Exercise prompt - Using the listing below, print the line containing "300.000 nadmerných nekovidových", the line containing "Aufgrund der Hanglage", and each line between them, exactly and nothing else. Pictures stay out of the print.

Given records -

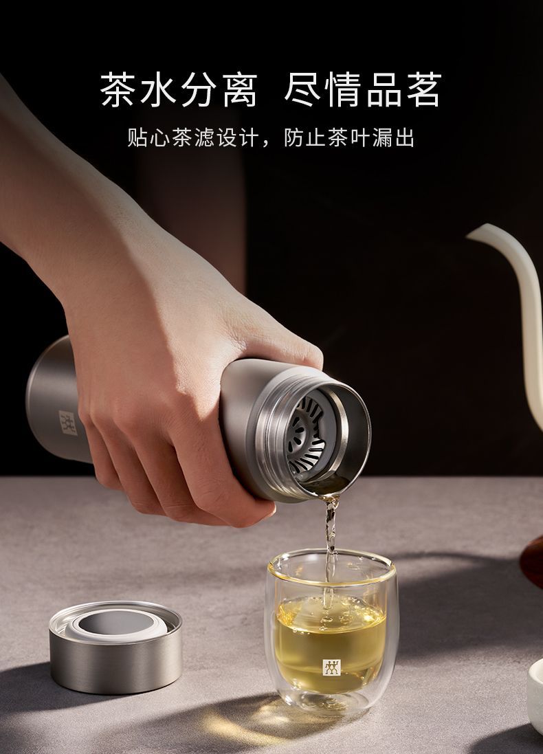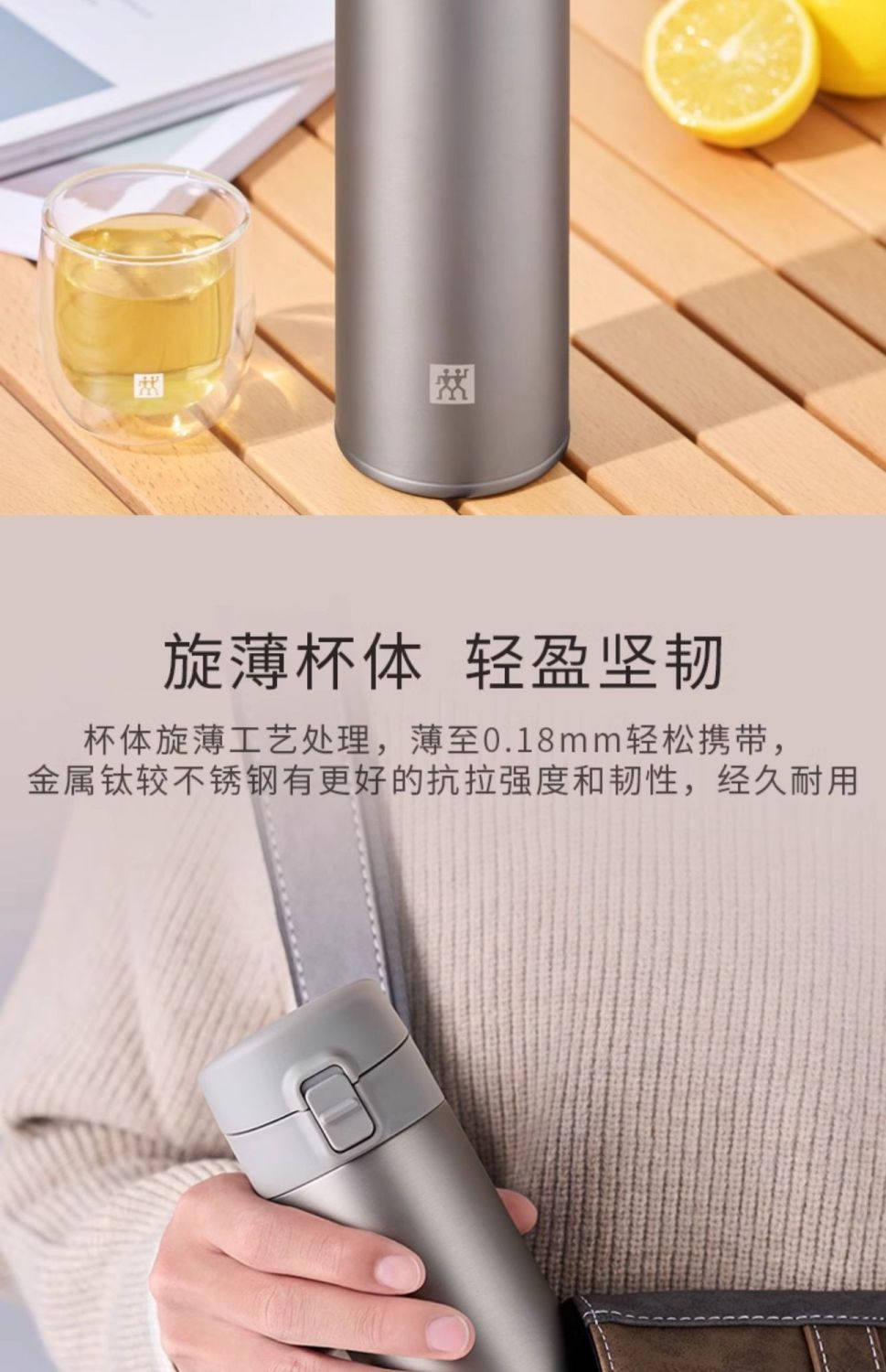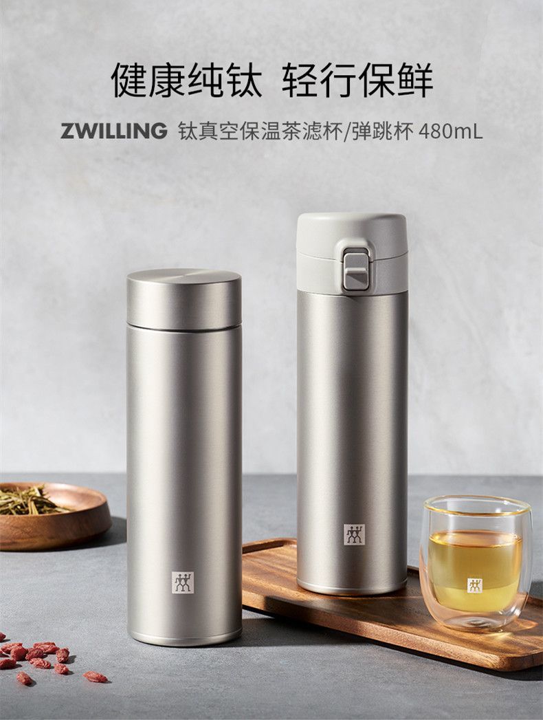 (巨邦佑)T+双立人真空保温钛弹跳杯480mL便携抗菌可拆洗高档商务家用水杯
...
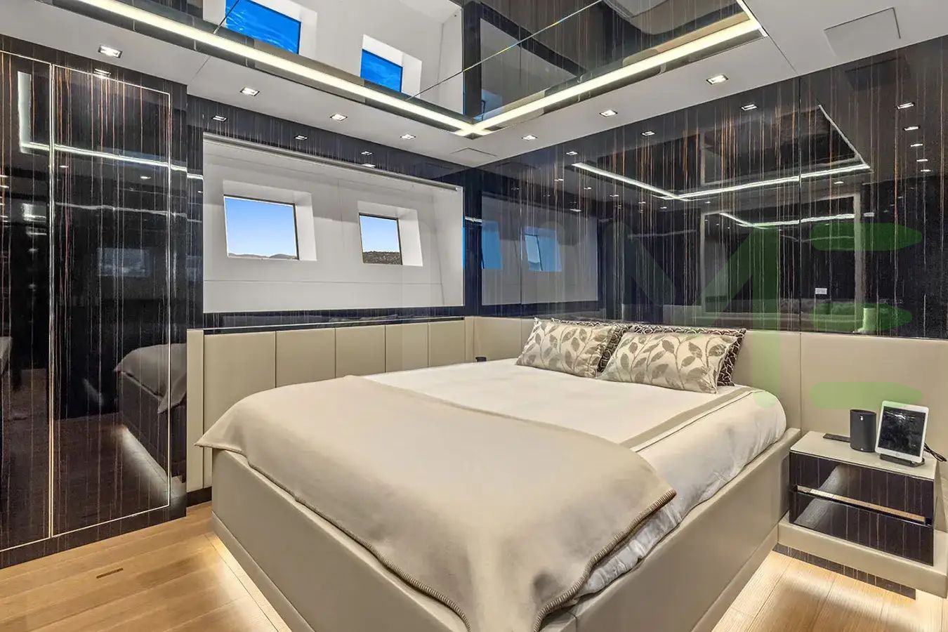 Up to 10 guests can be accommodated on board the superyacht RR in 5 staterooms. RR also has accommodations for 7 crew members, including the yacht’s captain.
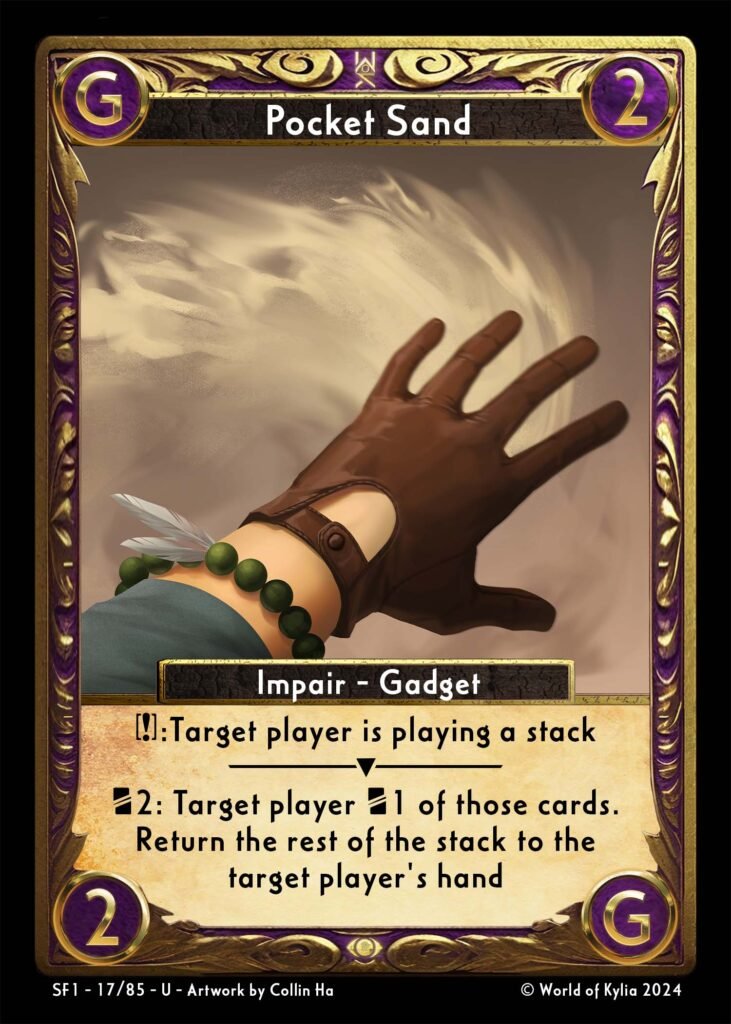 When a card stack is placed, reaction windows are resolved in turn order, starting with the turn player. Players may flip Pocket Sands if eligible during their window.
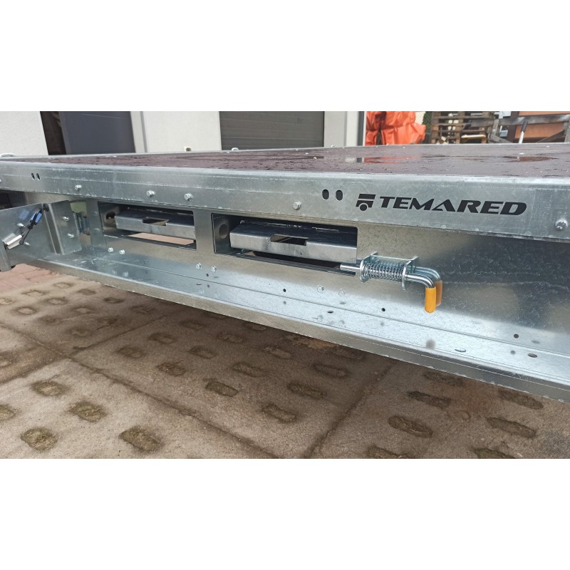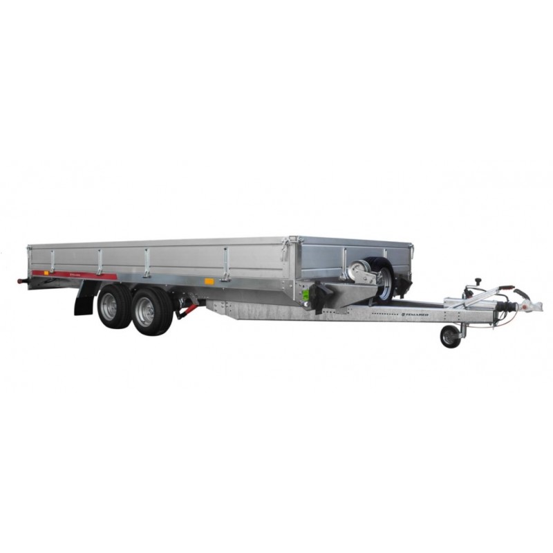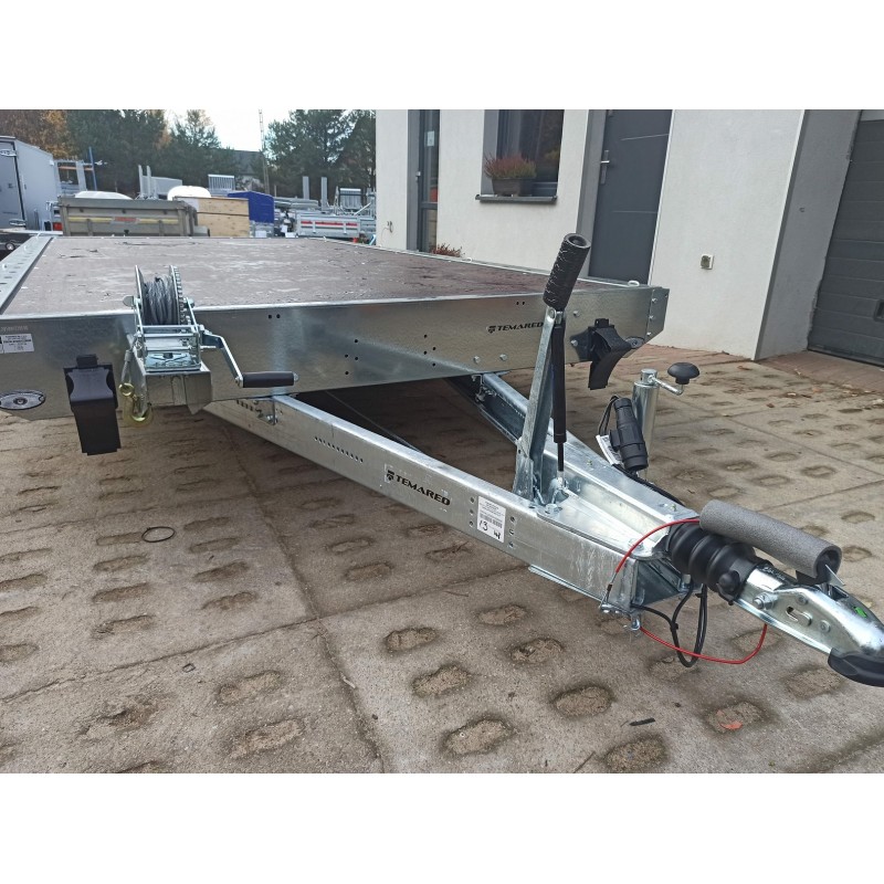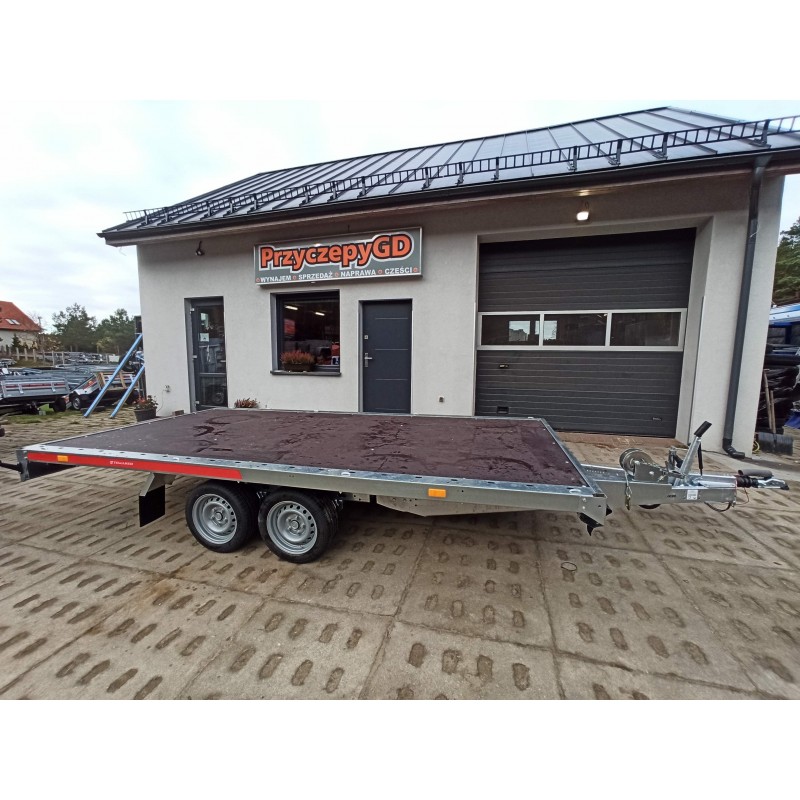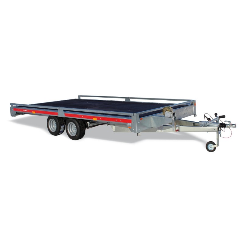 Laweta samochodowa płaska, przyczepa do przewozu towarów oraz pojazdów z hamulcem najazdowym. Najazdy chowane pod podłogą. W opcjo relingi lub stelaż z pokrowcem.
...
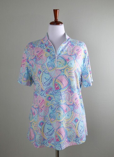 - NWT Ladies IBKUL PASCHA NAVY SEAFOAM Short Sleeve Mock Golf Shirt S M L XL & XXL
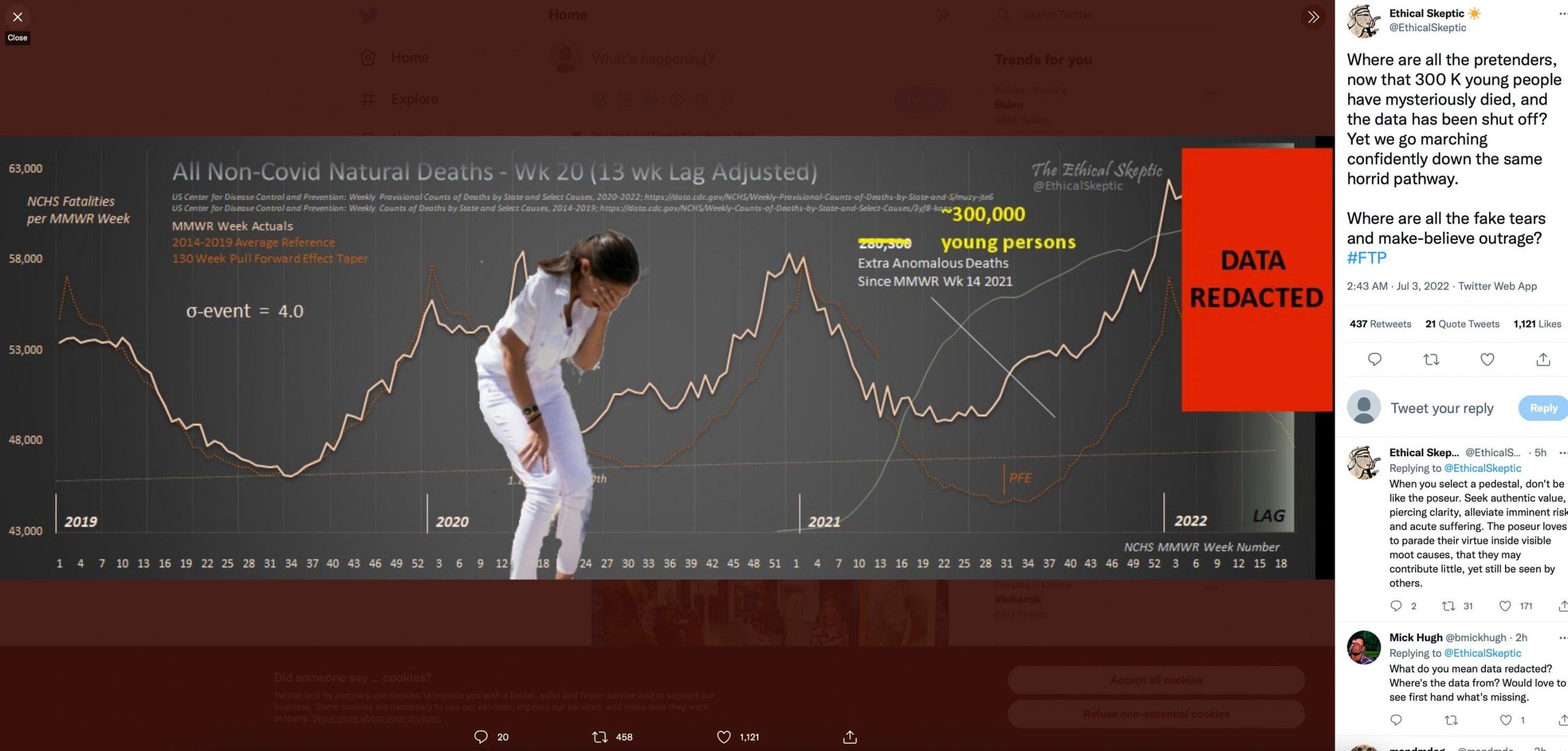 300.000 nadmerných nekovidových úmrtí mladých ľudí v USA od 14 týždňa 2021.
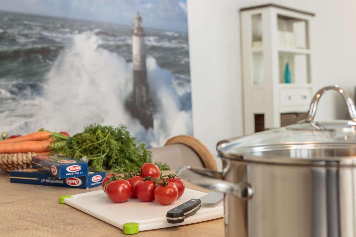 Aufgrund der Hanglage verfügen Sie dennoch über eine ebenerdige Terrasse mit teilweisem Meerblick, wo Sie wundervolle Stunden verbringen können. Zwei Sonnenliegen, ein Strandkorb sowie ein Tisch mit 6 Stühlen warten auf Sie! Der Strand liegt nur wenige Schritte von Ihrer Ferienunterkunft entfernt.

Reply to the exercise -
 300.000 nadmerných nekovidových úmrtí mladých ľudí v USA od 14 týždňa 2021.
 Aufgrund der Hanglage verfügen Sie dennoch über eine ebenerdige Terrasse mit teilweisem Meerblick, wo Sie wundervolle Stunden verbringen können. Zwei Sonnenliegen, ein Strandkorb sowie ein Tisch mit 6 Stühlen warten auf Sie! Der Strand liegt nur wenige Schritte von Ihrer Ferienunterkunft entfernt.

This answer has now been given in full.